Datlabs massive plant refurbishment nears completion

04 Aug, 2019 - 00:08 0 Views
Datlabs massive plant refurbishment nears completion Mr Todd Moyo

The Sunday News

Dumisani Nsingo, Senior Business Reporter 

ONE of the country’s leading pharmaceutical and personal care products manufacturers, Datlabs is on the verge of completing its US$4,5 million major factory refurbishment as it seeks to ramp up production and explore export markets.

Datlabs chief executive officer Mr Todd Moyo said in an interview, the company has completed most of its Phase 1 refurbishment work, which entailed installation of a state-of-the-art Heating, Ventilation and Air Conditioning (HVAC) system.

The Bulawayo-headquartered company started the rehabilitation of its Belmont industrial areas situated pharmaceutical plant last year.

“We have done most of the Phase 1 upgrade and we have now received and installed most of the machinery,” said Mr Moyo. 

He said the company had also successfully installed major components of its new highly automated pharmaceutical tablet press machine. 

“We have successfully installed most of the major machinery purchased for this (pharmaceutical tablet press machine) upgrade with one item only awaited to arrive this month. This will mean that we will go back to the manufacturing of most of our product range subject to us accessing the much-needed foreign currency to bring in imported raw and packaging materials,” said Mr Moyo.

He said most of the project’s engineering works had been completed.

“We have also completed most of the civil works on this project and are grateful to all stakeholders who have assisted in this upgrade so far, especially all our regulatory authorities,” said Mr Moyo.

He said the rehabilitation of the Intravenous (IV) fluids manufacturing plant has temporarily been shelved to pave way for the completion of the pharmaceutical refurbishment project.

“We have not as yet started working on this LVP (Large Volume Parenterals) project as our aim was always be to focus on the pharmaceutical project first before we begin work on the LVP side. We were, however, hoping we would have obtained the much-needed foreign currency to start importing our requirements but this has been difficult. 
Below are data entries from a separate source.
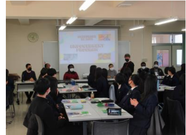
エンパワーメントプログラム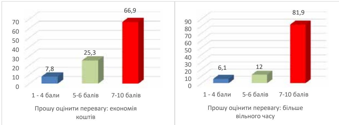
Рис. 5. Оцінка переваг економії коштів та часу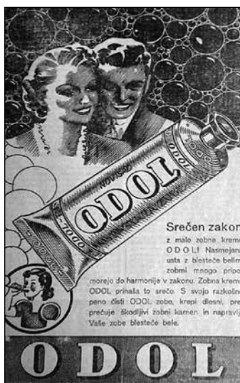
Jutro, 12. 5. 1940

V Jutru in Slovencu so oglasi za univerzalno kremo Elida ideal prepričevali s sloganom Skrbna nega – popolna lepota, 536 v Jutru pa so vabili k nakupu kreme Pegasan (proti sončnim in vsem drugim pegam – lišaju in nečisti koži), ki so jo v lončkih po 20 din prodajali v drogeriji Kanc na ljubljanski Židovski ulici. 537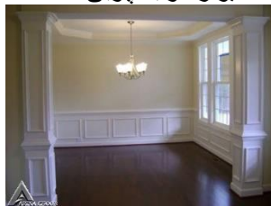
دیوار کوب چوبی S06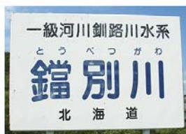
図 5 河川標示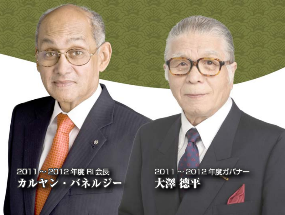
2011～2012年度RI会長 カルヤン・パネルジー

“The changes in the economic conditions and especially the foreign exchange rates also mean that we now have to evaluate this project again before making a decision on implementation and time of implementation. We now need much more local capital to finance the same identified LVP upgrade items,” said Mr Moyo.

Last year, the Government had pledged to assist the company to rehabilitate its IV fluids manufacturing plant in the wake of the cholera outbreak. The plant has been non-functional for close to 20 years and the company mooted plans to rehabilitate the IV fluids plant about five years ago at a cost of $2 million but it has over the years been failing to do so owing to lack of funding.

Mr Moyo said the company’s performance last year was dampened by its commitment towards the pharmaceutical factory rehabilitation project further stating that it failed to introduce new products. 

“Our performance last year was affected partly by the upgrade as most of our products were not available in the market but we hope to have these back . . . once the upgrade is complete. We will have a better feel of the performance in 2019 once our machines have settled down. We introduce new products on a continuous basis but this time we have been held by the concentration on the pharmaceutical factory upgrade.